The benefit or advantage conferred by the right must relate to the purpose for which the dominant tenement is used. Where the

dominant tenement is used for business purposes a right which benefits the business may accommodate the dominant tenement and so be recognised as an easement.

11. In the case of State of Bihar v. Subodh Gopal, AIR 1968 SC 281 at page 289, the Apex Court had held that:

“A profit-a-prendre in gross that is a right exercisable by an Indeterminate body of persons to take something from the land of others, but not for the mere beneficial enjoyment of dominant tenement is not an easement within the meaning of the Easements Act. To the claim of such a right, the Easements Act has no application. Section 2 of the Easements Act expressly provides that nothing in the Act contained shall be deemed to affect, inter alia, to derogate from any customary or other right (not being a licence) in or over immovable property which the Government, the public or any person may possess irrespective of other immovable property. A claim in the nature of a profit-a-prendre operating in favour of an indeterminate class of person arising out of a local custom may be held enforceable only if it satisfies the tests of a valid custom. A custom is a usage by virtue of which a class of persons belonging to a defined section in a locality are entitled to exercise specific rights against certain other persons or property in the same locality. To the extent to which it is inconsistent with the general law, undoubtedly the custom prevails. But to be a valid, a custom must be ancient, certain and reasonable, and being in derogation of the general rules of law must be construed strictly. A right in the nature of a profit-a-prendre in the exercise of which the residents of locality are entitled to excavate stones for trade purposes would ex facie be unreasonable, because the exercise of such a right ordinarily tends to complete destruction of the subject-matter of profit.
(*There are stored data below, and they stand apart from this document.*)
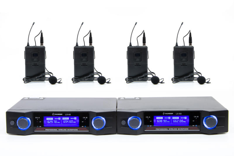Thunder LX-82 4T UHF rádiós mikrofon (4 db CSÍPTETŐS mikrofon) Hivatalos magyarországi forgalmazótól. Leírás: A Thunder Audio LX-82 4T UHF mikrofon szett lényegében mindent tartalmaz, amihez a használat során szükségünk lehet, 4 db csíptetős mikrofont, 4 db zsebadót, 2 db vevőegységet, 2 db gyári adaptert, 2 db Jack-Jack kábelt, valamint elemeket. A vevőegység fix frekvenc
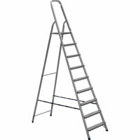 Алюминиевая стремянка АМ709 может использоваться для проведения строительных, монтажных, ремонтных и других работ на высоте до 3.9 м. Переносная конструкция состоит из основной части со ступенями, опорной части и рабочей площадки. Дуга безопасности является продолжением стороны, по которой осуществляется подъем. Модель оснащена противоскользящими опорами из пластика и рифлеными ступенями, повышающими ее безопасность. Стремянка рассчитана на эксплуатацию внутри и снаружи помещений и способна выдерживать нагрузку до 150 кг. Основные характеристики изделия:
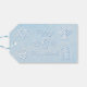 Lovely light blue and white design has a frosty, textured appearance. Customisable text reads, "Happy Hanukkah" on one side and "To:" and "From" on the other. Graphics include Star of David, Menorah, dreidel, ten commandments tablets, snowflakes and a snowman.
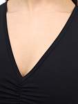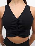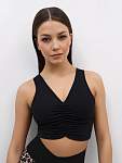 Топ имеет широкие бретели, V-образный вырез на груди и декоративную сборку спереди, что придаёт ему стильный вид. Отсутствие вшитых чашечек делает его универсальным и удобным для разных типов фигуры.

A profit-a-prendre if it is an unreasonable burden, a release from which could never be obtained from the owners of the right which would affect the subject-matter in a manner that would soon become exhausted. Such an easement cannot exist.

12. In the case of Lutchhmeeput Singh v. Sadaulla Nushyo, (1883) ILR 9 Cal 608, a Division Bench of the Calcutta High Court accepted the principle laid down in the case of Lord Rivers v. Adams, (1878) 3 Ex Div 361. In that case the plaintiff sought to restrain the defendant from fishing in certain jhils belonging to his Zamindars. The defendants pleaded, inter alia, that they had prescriptive right to fish in the Jhils, under a custom, according to which all the inhabitants of the zamindari had the right of fishing. It was held that no prescriptive right of fishery had been acquired under Section 2(f) of the Limitation Act and that the custom alleged could not, on the ground that it was unreasonable, be treated as valid.
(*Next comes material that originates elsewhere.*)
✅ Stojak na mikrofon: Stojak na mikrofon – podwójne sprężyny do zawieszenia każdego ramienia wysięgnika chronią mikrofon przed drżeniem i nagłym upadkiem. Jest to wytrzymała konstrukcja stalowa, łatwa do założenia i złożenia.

13. The facts pleaded in the plaint does not satisfy the test as observed above with regard to the injunction sought for against the defendants.

14. Thus prima facie it appears that the plaintiffs have not been able to make out a case in their favour for grant of injunction restraining the defendant from interfering with the possession of the plaintiffs. The decision in the case of Abdul Gaffar (supra) also cannot come in aid in the present case since the grant of fishery right in favour of the defendant is not under challenge in this proceeding. Unless the grant of lease is under challenge, the question of validity thereof cannot be raised. Therefore, this decision also does not help the plaintiff.
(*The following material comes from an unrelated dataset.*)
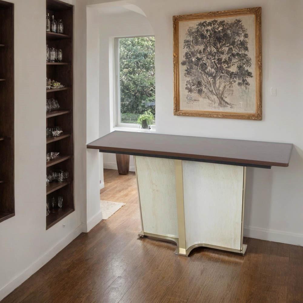 بفضل تصميمه الفريد، يتناسب هذا الكونسول بسهولة مع مختلف الأنماط الديكورية، سواء كانت كلاسيكية أو عصرية.

15. In that view of the matter. I do not find any reason to interfere with the impugned order. The writ petition therefore, fails and is, accordingly, rejected. However, there will be no order as to costs.

16. However, none of the observation made by the lower

appellate court nor any of the observation made in this order shall be taken note of at the time when the matter will be decided on merit since all these finding are tentative for the purpose of deciding the application for injunction only. It is expected that the learned trial court shall expedite the hearing of the suit.